Input data:
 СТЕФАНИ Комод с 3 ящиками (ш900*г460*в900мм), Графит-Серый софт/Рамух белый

--

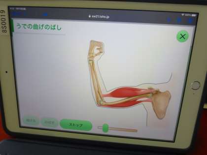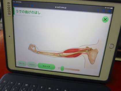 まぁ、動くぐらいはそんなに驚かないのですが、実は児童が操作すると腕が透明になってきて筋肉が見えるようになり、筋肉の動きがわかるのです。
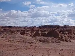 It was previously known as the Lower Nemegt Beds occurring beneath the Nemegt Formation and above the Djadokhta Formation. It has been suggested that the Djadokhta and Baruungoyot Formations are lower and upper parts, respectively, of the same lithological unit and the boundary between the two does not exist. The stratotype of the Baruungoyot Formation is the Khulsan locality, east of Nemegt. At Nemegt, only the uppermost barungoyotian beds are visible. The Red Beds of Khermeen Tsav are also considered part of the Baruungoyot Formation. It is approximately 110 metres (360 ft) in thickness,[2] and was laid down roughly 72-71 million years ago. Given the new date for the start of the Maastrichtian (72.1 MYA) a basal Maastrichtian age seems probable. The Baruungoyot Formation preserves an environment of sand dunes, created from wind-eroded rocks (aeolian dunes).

--

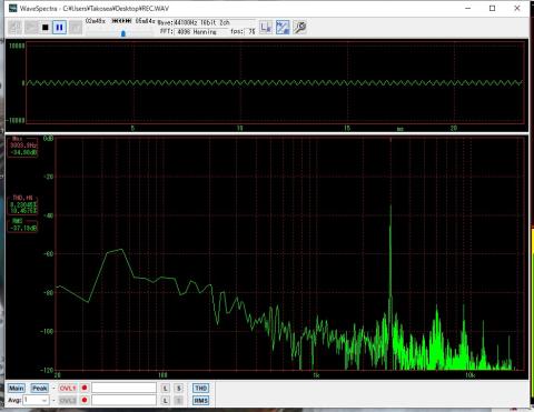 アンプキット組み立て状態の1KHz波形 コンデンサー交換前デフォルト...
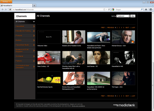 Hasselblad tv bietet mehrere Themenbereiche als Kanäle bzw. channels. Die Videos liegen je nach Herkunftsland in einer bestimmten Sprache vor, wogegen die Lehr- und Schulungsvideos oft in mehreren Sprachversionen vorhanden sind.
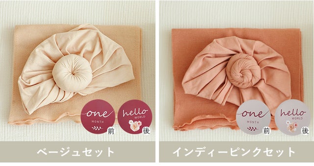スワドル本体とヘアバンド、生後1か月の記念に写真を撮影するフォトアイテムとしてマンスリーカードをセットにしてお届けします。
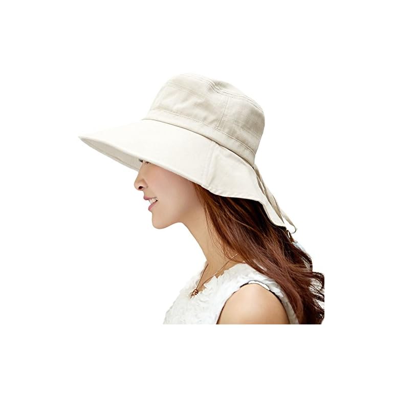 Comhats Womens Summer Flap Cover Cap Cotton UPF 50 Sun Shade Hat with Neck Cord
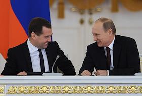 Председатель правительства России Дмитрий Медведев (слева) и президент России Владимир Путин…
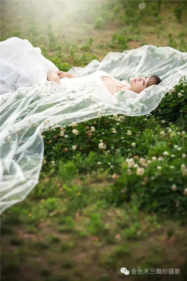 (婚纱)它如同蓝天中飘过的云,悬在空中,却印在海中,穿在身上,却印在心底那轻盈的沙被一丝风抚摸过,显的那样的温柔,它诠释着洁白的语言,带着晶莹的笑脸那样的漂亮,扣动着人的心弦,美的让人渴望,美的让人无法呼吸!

Exercise instructions: Give back exactly the lines above that run from the one with "アンプキット組み立て状態の1KHz波形 コンデンサー交換前デフォルト..." to the one with "Председатель правительства России", including both, with the pictures left out.

Response to this exercise:
 アンプキット組み立て状態の1KHz波形 コンデンサー交換前デフォルト...
 Hasselblad tv bietet mehrere Themenbereiche als Kanäle bzw. channels. Die Videos liegen je nach Herkunftsland in einer bestimmten Sprache vor, wogegen die Lehr- und Schulungsvideos oft in mehreren Sprachversionen vorhanden sind.
スワドル本体とヘアバンド、生後1か月の記念に写真を撮影するフォトアイテムとしてマンスリーカードをセットにしてお届けします。
 Comhats Womens Summer Flap Cover Cap Cotton UPF 50 Sun Shade Hat with Neck Cord
 Председатель правительства России Дмитрий Медведев (слева) и президент России Владимир Путин…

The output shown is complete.